Бэррон берет Southern Comfort, делает еще один глоток прямо из бутылки, а затем с глухим стуком ставит ее на стол.
— Ты уже говорила это, — произносит он со злостью и делает еще один глоток.
И еще один.
Бэррон ставит бутылку обратно и вздыхает.
Я сглатываю, горло горит от сдерживаемых слез.
— Я должна уехать. Я могу уехать.
Тишина заполняет пространство между нами, и я замерла, не зная, что говорить или делать дальше.
Бэррон приподнимает брови, его дыхание ровное и легкое.
— Не будь такой, как она.
Его слова ранят меня. Глубоко.
— Что?
— Не появляйся в их жизни, чтобы уйти прямо перед Рождеством.
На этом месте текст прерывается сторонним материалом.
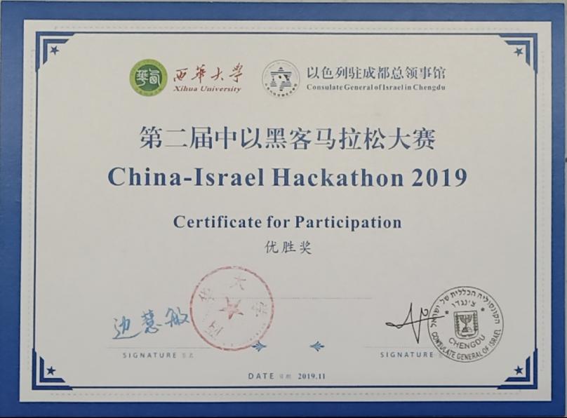 11月19日,第二届中以编程马拉松大赛暨“应急准备”中以专家圆桌论坛在西华大学举行。来自以色列本古里安大学、以色列应用科技大学、以色列赫兹利亚跨学科研究中心、Tel Hai学院13名计算机专业的学生与成都信息工程大学、西华大学、成都理工大学、成都工业学院、四川轻化工大学、宜宾学院的67名同学们联合组成16支队伍,围绕“应急准备”(Hacking the next crisis---Emergency Preparedness)主题进行编程马拉松比赛。我院刘皓然同学参加了此次大赛并以总分第5名的成绩获得优胜奖。

Быстро моргаю, пытаясь понять, что он имеет в виду.
— Ты хочешь, чтобы я осталась?
— Я… не знаю, чего хочу, — признается Бэррон. — Я даже не знаю, как реагировать на события последнего часа, но если ты оставишь девочек, уверен, что это разобьет их сердца. Так что не уходи. Останься. Мы сможем обсудить все после Рождества.
Слезы катятся по моим щекам. Выражение лица Бэррона смягчается, и он подходит ближе ко мне. Обдумывает свои слова, а затем качает головой.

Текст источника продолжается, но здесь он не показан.